HOUSTON—Despite a pandemic, the Russian invasion of Ukraine, and an energy crisis in Europe causing the oil and gas market to become all wonky, the rig market is thriving in ways that haven’t been seen in years.
Globally, drillships and jackups are seeing utilization at levels “not seen since the oil price crash in 2014,” said Teresa Wilkie, research director at Westwood, during the group’s offshore breakfast briefing on Oct. 20.
As the industry in 2020 faced financial problems during the pandemic, many companies were forced to cut bait with drillships. In total, Westwood counts 42 drillships retired between 2015 and 2022. During that same seven-year span, over 150 older jackup rigs were also retired. However, this paved the way for 110 new jackups to be delivered within that same period.
So far in 2022, there has been no drillship retirements, signaling a return to form for the rig market. Day rates for a drillship now exceed $400,000 and they’re only set to increase, according to Westwood.
Also, with a higher demand for jackups coming from national oil companies like Saudi Aramco as NOCs look to ramp up E&P efforts, an increased number of jackup rigs are entering the market. Currently, Westwood expects 14 more jackup rigs will move into the Middle East from China and Singapore over the next year. Day rates for jackups have now grown to $100,000 to $150,000/day, up from the $60,000 to $80,000 prices a year ago.
While drillships and jackups are seeing a record growth during this time in the rig market, the same can’t be said for semisubmersible rigs. Between 2015 and 2022, the semi market experienced a “severe lack of demand,” according to Westwood’s Wilkie.
Since 2018, 122 rigs have been retired, with the average age of those decreasing from 34 years in 2018 to just 16 years in 2022. Only 15 semisubmersibles have been delivered since 2015, with no recent increases in supply, activations or newbuilds.
The Americas
The American rig market tells a slightly different story.

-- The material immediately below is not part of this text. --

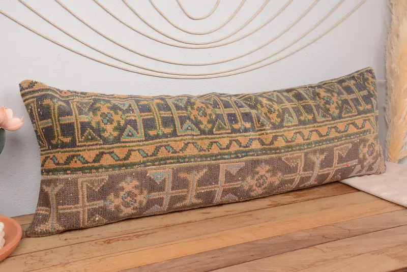 Handmade Embroidered Pillow, Green & Yellow Patchwork Throw Pillow

While drillships are also thriving in both North and South America, semisubmersibles are booming in the region as well. Most of the recent contract awards have been in the Americas and they have also had the highest day rates, said Terry Childs, head of RigLogix at Westwood.
“Day rates continue upward movement for all rig types in all regions,” Childs said. “The U.S. Gulf remains setting the pace for drillships… Other regions are improving, but still lagging behind what's happening in the U.S. Gulf.”
The Gulf of Mexico has a 100% market utilization for drillships, of which there are 48 total, and a 91% utilization rate for semisubmersibles, of which there are 16 total.
The jackup market in the Gulf of Mexico has been in decline for some time, as there are only six jackups currently under contract. The jackup rig market in the region looks vastly different than it did in the early 2000s, when there were 143 contracted jackups in the Gulf.
The rig market wasn’t the only thing discussed at the briefing. Mark Adeosun, Western Hemisphere Offshore Manager at Westwood, revealed that they would have their highest expenditure for EPC since 2014.
“We anticipate a total of 79 FPS units to be sanctioned over the 2022 to 2026 period, and that would include 37 newbuild units, 27 conversions, 15 units are expected to upgrade all the deployments,” he said.